The victim being piscine we have some distance from it. The personification keeps the distance as little as possible. For a moment here, our ability to be inured to the cruelty of life, and our part in it, is shocking. The terrifying nature of the cruelties that may await us—whose desperate prayers may also someday be ineffective—surely helps to explain the defenses and the distance we interpose, the slow corruption we cling to. This poem quietly succeeds on many levels. Every word does precisely the work it is called upon to do.

Appropriately enough, there are poems with other themes. An independent contractor attends to his work with a dedication that leaves Williams thoughtful. The poet has written a series of poems—which are extracted in One Unblinking Eye—about climbing a mountain, which ends with a simple and affecting word of celebration. Two young lovers are delicately drawn in the poem "Delicate Repose." Youth, nature, and dedication to one's work, that is to say, seem tenuously to counterpoise our troubled minds.

There are the more admissible convolutions of our daily life. "Pegging Out"—about a cribbage game—is particularly fine in this vein. Irish sheepherders, farmers, rail-yard workers are glimpsed as they go about their honest toil each living in the twilight of a dying way of life. In the poem "In Pavidus" there is another kind of celebration, as the first signs of spring arrive:

How lightly we've escaped. No scare
Of cancer staggered our routine;
No madness mocked our courtesies.

It is a sentiment that needs no explanation.

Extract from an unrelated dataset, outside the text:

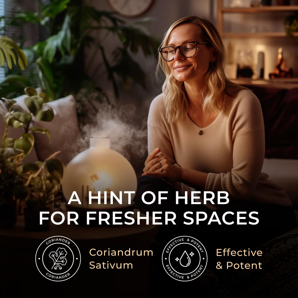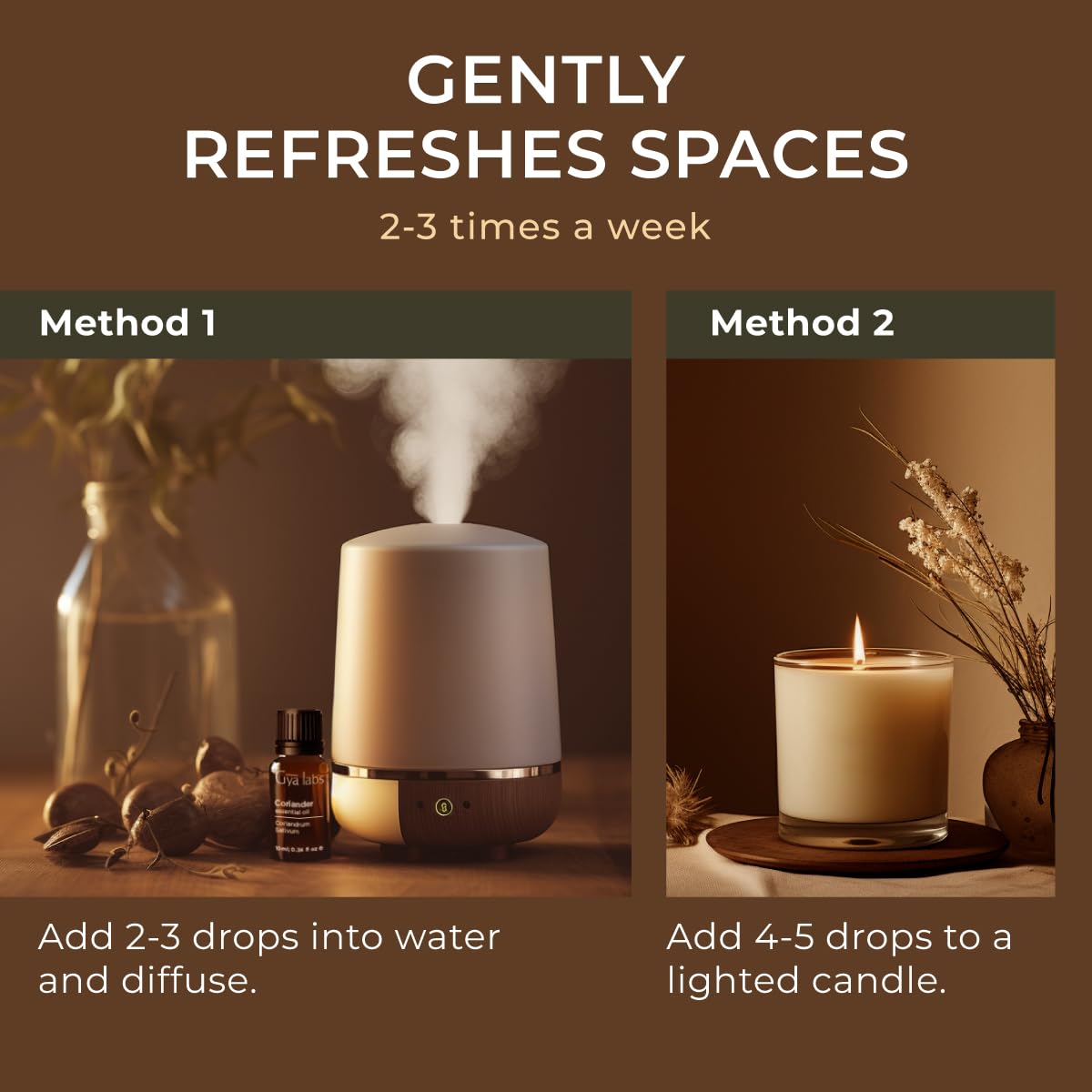 Coriander essential oil for diffuser & candle making. Exuding a sweet, herbaceous and slightly woody scent, coriander essential Oil diffuser infuses a grounding ambiance into any room. Diffuse 2-3 drops to instill a soothed and refreshed atmosphere.

One Unblinking Eye took fifteen years in the writing. That in itself is enough to suggest a mystery. But the mystery of Williams goes far deeper. A successful lawyer, owner of a fashionable old farmhouse in the Vermont countryside, dressed (on his book jacket cover, and, as it were, in his poems) from an L.L. Bean catalogue, still something about who we are haunts him. Over the long years—between the affairs of what must surely be a busy life—he has painstakingly written these 32 poems to give us an unusually fine account of what that "something" is.

What could have brought Williams to linger over the perversity in our natures that we are so intent to ignore? In the case of Frost, it was his brief acquaintance with Ezra Pound who was suggesting the old psychologist, Robert Browning, at the time, to anyone who would listen. Surely, Frost's own reading in E.A. Robinson and a now little known short story writer named Hamlin Garland played no small part. Pound had influenced more than one great book of poetry. Generally, the quality of the poets in question diminished after their "Pound-book." Three great poems appeared in each of Frost's next two volumes: Mountain Interval (1916) and New Hampshire (1923). They were arguably his last.

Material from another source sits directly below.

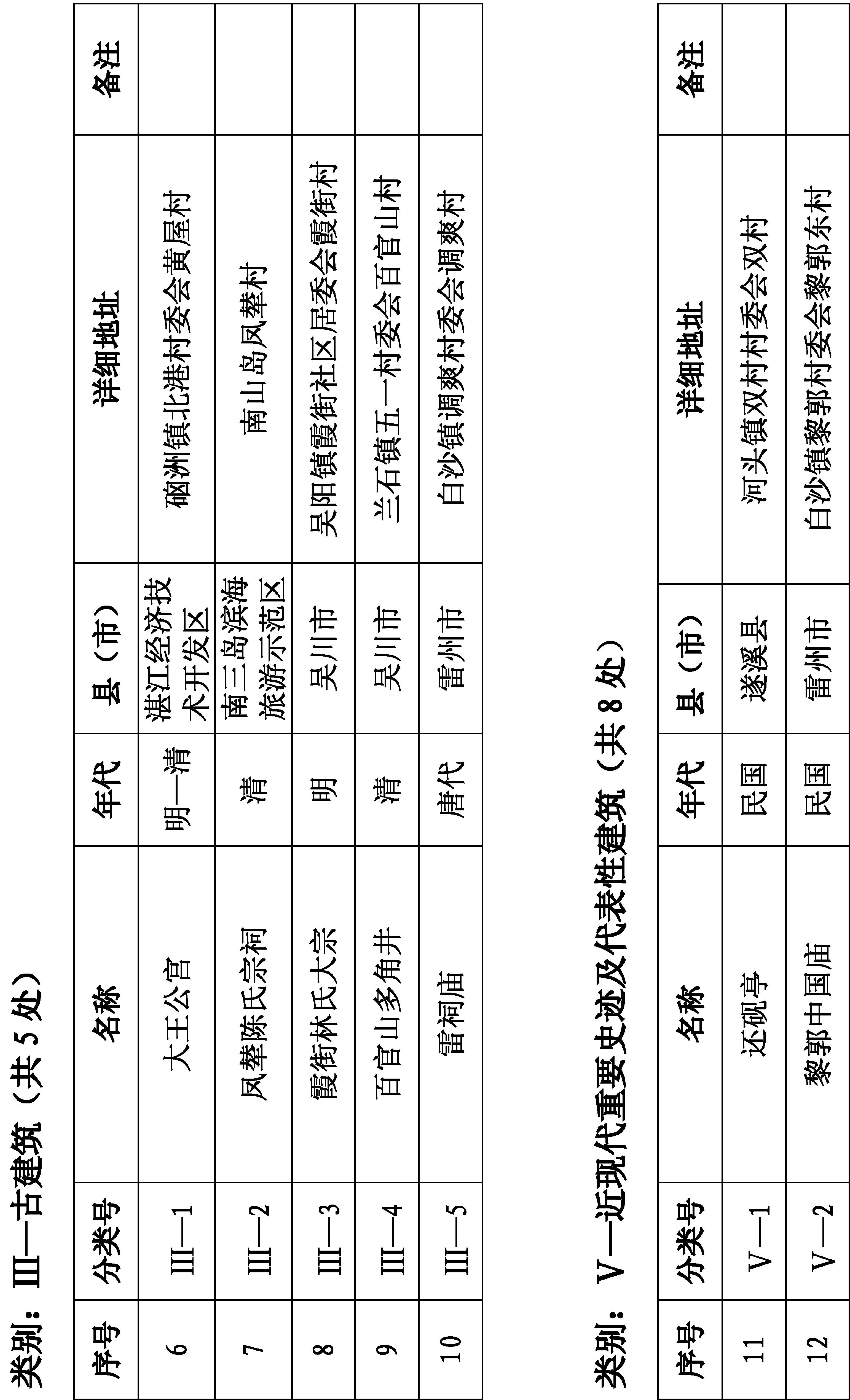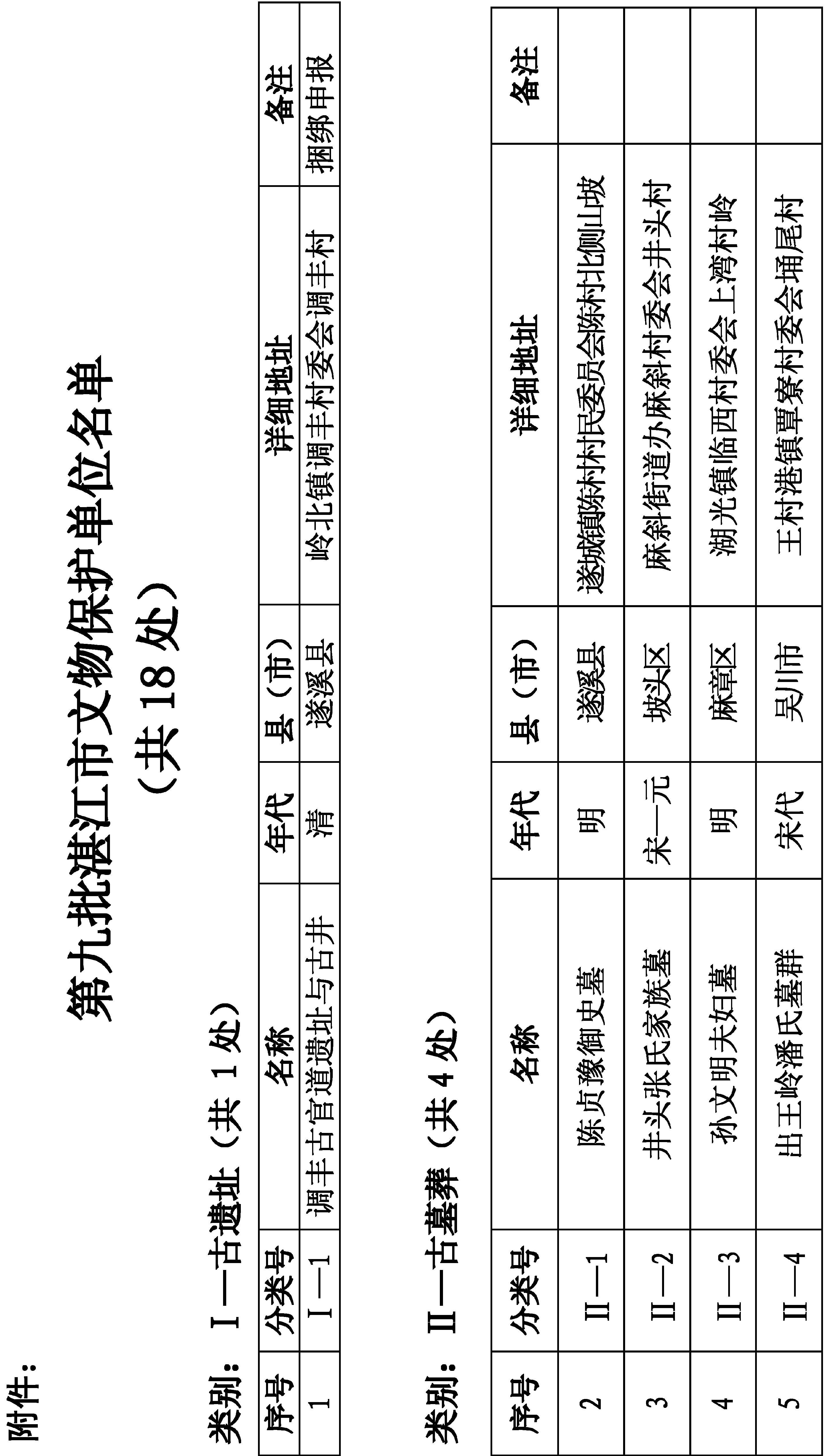 附件:第九批湛江市文物保护单位名单

In Williams's case, perhaps he picked it up piecemeal from reading his fellow poets' less guarded utterances or perhaps even from Frost. Perhaps his experiences as a lawyer are the major influence. Regardless, his book is a volume of excellence for it.

One Unblinking Eye is a deceptively simple, a deceptively slight book. Where its poems may seem slightly imperfect, or strangely discordant, from time to time, the reader should be warned to reread. Where they seem perfect, they are. There is an unusual mastery in them.